When he learned a barn was being sought 10 years ago to help people quit and for prevention, he called and wanted to help.

“I agree with everything they are doing to stop it,” Allen said.

“With the message on it, if you can save one child from getting into to that kind of thing, it’s well worth it,” his wife said.

Puckett told the students about the history of the barn, and about the importance of the message.

They stood in front of the flag and said the pledge of allegiance as well as sing “The Star-Spangled Banner.”

Many students asked questions about the barn and the messages.

Joetta Basile, superintendent of Monroe County Schools, read a proclamation from the Monroe County Commission about the dedication of the barn and the dangers of tobacco use.

“They can hear this in a classroom,” Basile said after reading the proclamation. “But taking them out like this is more effective.”

Jillian Stevens, 11, a fifth-grader, said she was impressed with the barn.

“I think it’s an amazing thing to see what they are doing with it and how great they are doing,” she said. “It’s been 10 years and it’s actually kind of cool. I think it’s great he came out and painted the barn.”

Stevens, daughter of Guy and Stephanie Buchanan, said students had a good time.

“I had a great time and I think all of us did,” she said. “Hearing them speak, it’s just amazing.”

Summer Amos, who is 12 and the daughter of Jason and Jennifer Blankenship, is also a fifth-grader and enjoyed participating.

“I think it was pretty cool,” she said, adding that she believed the message too.

“I will never use tobacco,” she said.

Jeana Carr, Early Headstart Director and with the Family Resource Center, was on hand to help with the event.

“I thought it was amazing,” she said. “Mr. Puckett did an excellent job in his presentation to the children.”

Carr said all of the kids there may not remember all the specifics but they will remember enough when they pass the barn to ask their parents to look.

“It was kind of sad about how many children raised their hands who knew someone who used spit tobacco,” she said. “Hopefully, the barn will help get the message out.”

After the dedication, Puckett said it went well.

“It was perfect to have the kids here,” he said. “I think the message will transcend much deeper than if they just hear it in the classroom. To be here at the dedication and have them participate in the pledge of allegiance next to the flag as well as sing the Star-Spangled Banner, I think it and the message will resonate with them.”

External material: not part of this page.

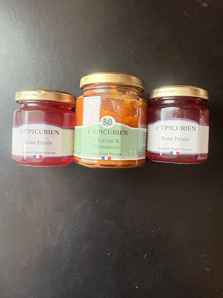 레피큐리앙 잼 125g 로즈 페탈 2개, 210g 오렌지&시나몬 1개 구성입니다 프랑스에서 만들어졌고, 장미향 은은하고 유기농 오렌지를 사용했어요 유통기한은 2026년 7월까지입니다

Puckett said when kids were asked if they knew anyone who used tobacco, almost all raised their hands.

“That in itself says that they are our best messengers,” he said. “If this is a barn that can help give that message, then it’s a job well done.”

Representatives from the Monroe County Family Resource Network were also on hand.

Puckett said that, culturally, tobacco use, including smokeless or spit tobacco, cigarette smoking, and cigar smoking, remains the leading preventable cause of death in the United States. In Monroe County, the local coalition still maintains that spit tobacco (chewing tobacco or snuff) is still a culturally accepted form of addiction that affects the general population as well as youth, he added.

By the latest statistics, 11.5 percent of high school students in West Virginia used chewing tobacco, snuff or dip on at least one day in the past 30 days, compared to the national rate was 5.5 percent, and poly use with other tobacco-based products leads to additional exposure of at least 28 cancer-causing chemicals (carcinogens), and is linked to several different types of cancer, including cancer of the mouth, esophagus and pancreas, and can cause gum disease, tooth decay or loss.